Honkbalcompetitie is in het tussenseizoen, en dat betekent dat er bij elke belangrijke ondertekening en/of ruil wordt gesproken over de Competitive Balance Tax (CBT). Omdat veel van de regels en mechanismen in het honkbal die met de roosters te maken hebben geheimzinnig van aard zijn, hebben we besloten de volgende inleiding te schrijven om de CBT begrijpelijker te maken.
Wat is de CBT en welk doel dient het?
In theorie is het een luxebelasting. In de praktijk hebben de honkbaleigenaren de CBT tot een onofficiële salarisstop gemaakt. Merk op dat er niet veel bewijs is dat salarisplafonds en/of luxebelastingen pariteit of competitief evenwicht bevorderen. Als zodanig lijkt het belangrijkste kenmerk van de CBT te zijn dat het de eigenaren een legitiem klinkend excuus biedt om geld te besparen.
De CBT-drempel is vastgesteld op 208 miljoen dollar voor het seizoen 2020.
Hoe wordt de CBT berekend?
De CBT is niet gebaseerd op de loonlijst van jaar tot jaar. Het is gebaseerd op de gemiddelde jaarlijkse waarde van elke speler. Dat kan leiden tot een aantal opmerkelijke verschillen tussen hoeveel een speler meetelt voor de CBT van een team en hoeveel hij werkelijk verdient in een seizoen.

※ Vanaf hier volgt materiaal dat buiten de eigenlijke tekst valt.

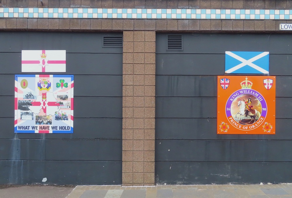 “Loyalist Village, south Belfast.” UVF markings in the Village continue to proliferate with the recently-added board shown above (from the top of Tavanagh Street) alongside a slew of other boards, some of which are included below.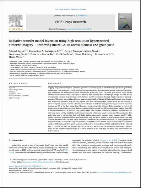 Subject(s): Online resources: In: Field Crops Research Amsterdam (Netherlands) : Elsevier, 2022. v. 282, art. 108449Summary: Mapping crop within-field yield variability provide an essential piece of information for precision agriculture applications. Leaf Area Index (LAI) is an important parameter that describes maize growth, vegetation structure, light absorption and subsequently maize biomass and grain yield (GY). The main goal for this study was to estimate maize biomass and GY through LAI retrieved from hyperspectral aerial images using a PROSAIL model inversion and compare its performance with biomass and GY estimations through simple vegetation index approaches. This study was conducted in two separate maize fields of 12 and 20 ha located in north-west Mexico. Both fields were cultivated with the same hybrid. One field was irrigated by a linear pivot and the other by a furrow irrigation system. Ground LAI data were collected at different crop growth stages followed by maize biomass and GY at the harvesting time. Through a weekly/biweekly airborne flight campaign, a total of 19 mosaics were acquired between both fields with a micro-hyperspectral Vis-NIR imaging sensor ranging from 400 to 850 nanometres (nm) at different crop growth stages. The PROSAIL model was calibrated and validated for retrieving maize LAI by simulating maize canopy spectral reflectance based on crop-specific parameters. The model was used to retrieve LAI from both fields and to subsequently estimate maize biomass and GY. Additionally, different vegetation indices were calculated from the aerial images to also estimate maize yield and compare the indices with PROSAIL based estimations. The PROSAIL validation to retrieve LAI from hyperspectral imagery showed a R2 value of 0.5 against ground LAI with RMSE of 0.8 m2/m2. Maize biomass and GY estimation based on NDRE showed the highest accuracies, followed by retrieved LAI, GNDVI and NDVI with R2 value of 0.81, 0.73, 0.73 and 0.65 for biomass, and 0.83, 0.69, 0.73 and 0.62 for GY estimation, respectively. Furthermore, the late vegetative growth stage at V16 was found to be the best stage for maize yield prediction for all studied indices.

Kijk eens naar Philadelphia Phillies right-hander Jake Arrieta, die het laatste seizoen ingaat van zijn driejarige deal ter waarde van $75 miljoen. Arrieta zal $20 miljoen verdienen in 2020. Maar door de manier waarop de CBT wordt berekend, zal hij voor 25 miljoen dollar meetellen voor de Phillies’ CBT loonlijst. Natuurlijk speelt het effect soms ook omgekeerd. Arrieta verdiende bijvoorbeeld $ 30 miljoen in 2018, terwijl hij telde als een last van $ 25 miljoen op de CBT-salarislijst van de Phillies.
Dit alles wil zeggen dat backloading of frontloading van contracten een effectieve strategie kan zijn als het gaat om de werkelijke cash-output, maar dat die technieken tandeloos zijn als het gaat om de CBT. Bovendien is er geen maas in de wet als het gaat om tekenbonussen of spelersopties, want die worden meegenomen in de AAV-berekeningen.
Opvallend genoeg geldt dit niet voor clubopties. Ze worden uitgesloten van de meerjarenberekeningen en behandeld als in wezen eenjarige overeenkomsten. Ook dit kan in het voordeel of nadeel van een ploeg werken, afhankelijk van het voorbeeld. Nelson Cruz’s CBT-getal zal minder zijn dan wat de Minnesota Twins hem gemiddeld zullen hebben betaald in 2019-2020, terwijl Anthony Rizzo’s meer zal zijn voor de Chicago Cubs.
De CBT-berekeningen voor elk team omvatten ook een basis “spelersvoordelen” bedrag.
Wat zijn de straffen voor het overschrijden van de CBT?
Voor het grootste deel zijn de straffen voor het overschrijden van de CBT op boetes gebaseerd. Een eerste overschrijder moet 20% boete betalen over zijn overschrijding; een twee-voudige overschrijder 30%; daarna 50%. Er zijn ook toeslagen voor overschrijding met $ 20 miljoen (12 procent); $ 40 miljoen (42,5 procent); en het herhalen van meer dan $ 40 miljoen (45 procent).
Een team dat meer dan $ 40 miljoen overschrijdt heeft ook zijn hoogste draft pick 10 plaatsen naar beneden verplaatst, mits het niet in de top zes kiest. In die gevallen, die zeldzaam lijken te zijn, zou de tweede selectie van het team 10 plaatsen lager worden gezet.
Voor een praktijkvoorbeeld van hoe onbeduidend de straffen zijn, betaalden de Boston Red Sox van 2018 minder dan $ 12 miljoen ondanks het overschrijden van het CBT-getal met meer dan $ 40 miljoen.
Welke teams lopen gevaar voor de CBT?
Volgens de berekeningen van Spotract waren drie teams in 2019 over de CBT: de Red Sox, de Cubs, en de New York Yankees. Alle anderen zaten er minstens 5 miljoen dollar onder.
Vanaf het begin van het vrije agentschap zijn alleen de Houston Astros en Red Sox geprojecteerd om in 2020 over de drempel te gaan. De Cubs (minder dan een miljoen) en Colorado Rockies ($ 38 miljoen) zijn de enige ploegen die naar verwachting minder dan $ 60 miljoen van de drempel af zullen staan op weg naar de winter.